:: Task to carry out ::
Below is a listing; return it in full, exactly as it appears.

*-*-*

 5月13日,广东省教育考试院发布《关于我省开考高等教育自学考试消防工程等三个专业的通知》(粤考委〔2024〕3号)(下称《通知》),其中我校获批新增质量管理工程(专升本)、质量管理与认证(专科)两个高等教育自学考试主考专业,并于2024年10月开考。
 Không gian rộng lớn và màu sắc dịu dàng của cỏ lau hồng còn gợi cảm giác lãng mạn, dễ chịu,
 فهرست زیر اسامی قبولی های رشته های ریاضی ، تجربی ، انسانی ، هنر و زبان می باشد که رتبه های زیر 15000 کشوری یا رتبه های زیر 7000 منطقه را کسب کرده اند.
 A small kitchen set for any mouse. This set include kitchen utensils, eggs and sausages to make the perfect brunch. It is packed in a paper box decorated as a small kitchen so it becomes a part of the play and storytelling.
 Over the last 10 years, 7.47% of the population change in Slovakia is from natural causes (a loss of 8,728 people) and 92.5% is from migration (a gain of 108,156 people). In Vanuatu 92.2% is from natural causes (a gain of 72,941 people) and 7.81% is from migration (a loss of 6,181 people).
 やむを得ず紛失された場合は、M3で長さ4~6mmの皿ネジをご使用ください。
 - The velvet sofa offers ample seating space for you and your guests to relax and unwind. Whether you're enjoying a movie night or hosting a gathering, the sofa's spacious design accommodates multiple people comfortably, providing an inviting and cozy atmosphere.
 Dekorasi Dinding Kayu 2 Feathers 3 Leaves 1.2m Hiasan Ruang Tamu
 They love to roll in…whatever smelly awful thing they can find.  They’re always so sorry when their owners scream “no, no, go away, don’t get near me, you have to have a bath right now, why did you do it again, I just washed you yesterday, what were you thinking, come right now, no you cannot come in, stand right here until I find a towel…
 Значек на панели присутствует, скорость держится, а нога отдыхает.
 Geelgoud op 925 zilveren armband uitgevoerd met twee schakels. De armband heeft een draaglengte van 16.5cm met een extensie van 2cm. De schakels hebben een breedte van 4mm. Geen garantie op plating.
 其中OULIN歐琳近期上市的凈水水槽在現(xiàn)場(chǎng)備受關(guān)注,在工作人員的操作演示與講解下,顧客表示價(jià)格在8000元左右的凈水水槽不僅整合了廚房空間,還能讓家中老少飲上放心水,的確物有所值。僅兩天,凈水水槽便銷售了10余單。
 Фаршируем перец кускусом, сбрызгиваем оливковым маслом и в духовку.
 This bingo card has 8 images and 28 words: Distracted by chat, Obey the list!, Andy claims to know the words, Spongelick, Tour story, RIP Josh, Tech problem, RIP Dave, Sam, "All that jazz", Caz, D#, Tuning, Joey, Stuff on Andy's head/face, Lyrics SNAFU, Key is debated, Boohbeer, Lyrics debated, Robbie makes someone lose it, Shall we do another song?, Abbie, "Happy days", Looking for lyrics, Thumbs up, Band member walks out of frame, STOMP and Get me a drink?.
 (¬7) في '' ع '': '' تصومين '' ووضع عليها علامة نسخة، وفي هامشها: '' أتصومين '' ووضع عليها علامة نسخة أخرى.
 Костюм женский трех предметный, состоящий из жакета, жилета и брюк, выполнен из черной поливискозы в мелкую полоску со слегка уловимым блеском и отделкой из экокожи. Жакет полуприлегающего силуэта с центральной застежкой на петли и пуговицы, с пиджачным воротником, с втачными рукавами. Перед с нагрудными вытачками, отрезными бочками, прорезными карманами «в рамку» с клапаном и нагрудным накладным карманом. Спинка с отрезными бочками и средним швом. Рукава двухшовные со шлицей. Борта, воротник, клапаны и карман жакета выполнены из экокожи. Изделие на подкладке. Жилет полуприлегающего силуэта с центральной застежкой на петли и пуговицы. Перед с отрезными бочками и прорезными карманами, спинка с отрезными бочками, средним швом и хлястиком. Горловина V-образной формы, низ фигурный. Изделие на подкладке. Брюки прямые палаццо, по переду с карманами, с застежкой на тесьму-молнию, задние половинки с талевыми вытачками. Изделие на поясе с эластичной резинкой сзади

*-*-*

:: Result for this task ::
 5月13日,广东省教育考试院发布《关于我省开考高等教育自学考试消防工程等三个专业的通知》(粤考委〔2024〕3号)(下称《通知》),其中我校获批新增质量管理工程(专升本)、质量管理与认证(专科)两个高等教育自学考试主考专业,并于2024年10月开考。
 Không gian rộng lớn và màu sắc dịu dàng của cỏ lau hồng còn gợi cảm giác lãng mạn, dễ chịu,
 فهرست زیر اسامی قبولی های رشته های ریاضی ، تجربی ، انسانی ، هنر و زبان می باشد که رتبه های زیر 15000 کشوری یا رتبه های زیر 7000 منطقه را کسب کرده اند.
 A small kitchen set for any mouse. This set include kitchen utensils, eggs and sausages to make the perfect brunch. It is packed in a paper box decorated as a small kitchen so it becomes a part of the play and storytelling.
 Over the last 10 years, 7.47% of the population change in Slovakia is from natural causes (a loss of 8,728 people) and 92.5% is from migration (a gain of 108,156 people). In Vanuatu 92.2% is from natural causes (a gain of 72,941 people) and 7.81% is from migration (a loss of 6,181 people).
 やむを得ず紛失された場合は、M3で長さ4~6mmの皿ネジをご使用ください。
 - The velvet sofa offers ample seating space for you and your guests to relax and unwind. Whether you're enjoying a movie night or hosting a gathering, the sofa's spacious design accommodates multiple people comfortably, providing an inviting and cozy atmosphere.
 Dekorasi Dinding Kayu 2 Feathers 3 Leaves 1.2m Hiasan Ruang Tamu
 They love to roll in…whatever smelly awful thing they can find.  They’re always so sorry when their owners scream “no, no, go away, don’t get near me, you have to have a bath right now, why did you do it again, I just washed you yesterday, what were you thinking, come right now, no you cannot come in, stand right here until I find a towel…
 Значек на панели присутствует, скорость держится, а нога отдыхает.
 Geelgoud op 925 zilveren armband uitgevoerd met twee schakels. De armband heeft een draaglengte van 16.5cm met een extensie van 2cm. De schakels hebben een breedte van 4mm. Geen garantie op plating.
 其中OULIN歐琳近期上市的凈水水槽在現(xiàn)場(chǎng)備受關(guān)注,在工作人員的操作演示與講解下,顧客表示價(jià)格在8000元左右的凈水水槽不僅整合了廚房空間,還能讓家中老少飲上放心水,的確物有所值。僅兩天,凈水水槽便銷售了10余單。
 Фаршируем перец кускусом, сбрызгиваем оливковым маслом и в духовку.
 This bingo card has 8 images and 28 words: Distracted by chat, Obey the list!, Andy claims to know the words, Spongelick, Tour story, RIP Josh, Tech problem, RIP Dave, Sam, "All that jazz", Caz, D#, Tuning, Joey, Stuff on Andy's head/face, Lyrics SNAFU, Key is debated, Boohbeer, Lyrics debated, Robbie makes someone lose it, Shall we do another song?, Abbie, "Happy days", Looking for lyrics, Thumbs up, Band member walks out of frame, STOMP and Get me a drink?.
 (¬7) في '' ع '': '' تصومين '' ووضع عليها علامة نسخة، وفي هامشها: '' أتصومين '' ووضع عليها علامة نسخة أخرى.
 Костюм женский трех предметный, состоящий из жакета, жилета и брюк, выполнен из черной поливискозы в мелкую полоску со слегка уловимым блеском и отделкой из экокожи. Жакет полуприлегающего силуэта с центральной застежкой на петли и пуговицы, с пиджачным воротником, с втачными рукавами. Перед с нагрудными вытачками, отрезными бочками, прорезными карманами «в рамку» с клапаном и нагрудным накладным карманом. Спинка с отрезными бочками и средним швом. Рукава двухшовные со шлицей. Борта, воротник, клапаны и карман жакета выполнены из экокожи. Изделие на подкладке. Жилет полуприлегающего силуэта с центральной застежкой на петли и пуговицы. Перед с отрезными бочками и прорезными карманами, спинка с отрезными бочками, средним швом и хлястиком. Горловина V-образной формы, низ фигурный. Изделие на подкладке. Брюки прямые палаццо, по переду с карманами, с застежкой на тесьму-молнию, задние половинки с талевыми вытачками. Изделие на поясе с эластичной резинкой сзади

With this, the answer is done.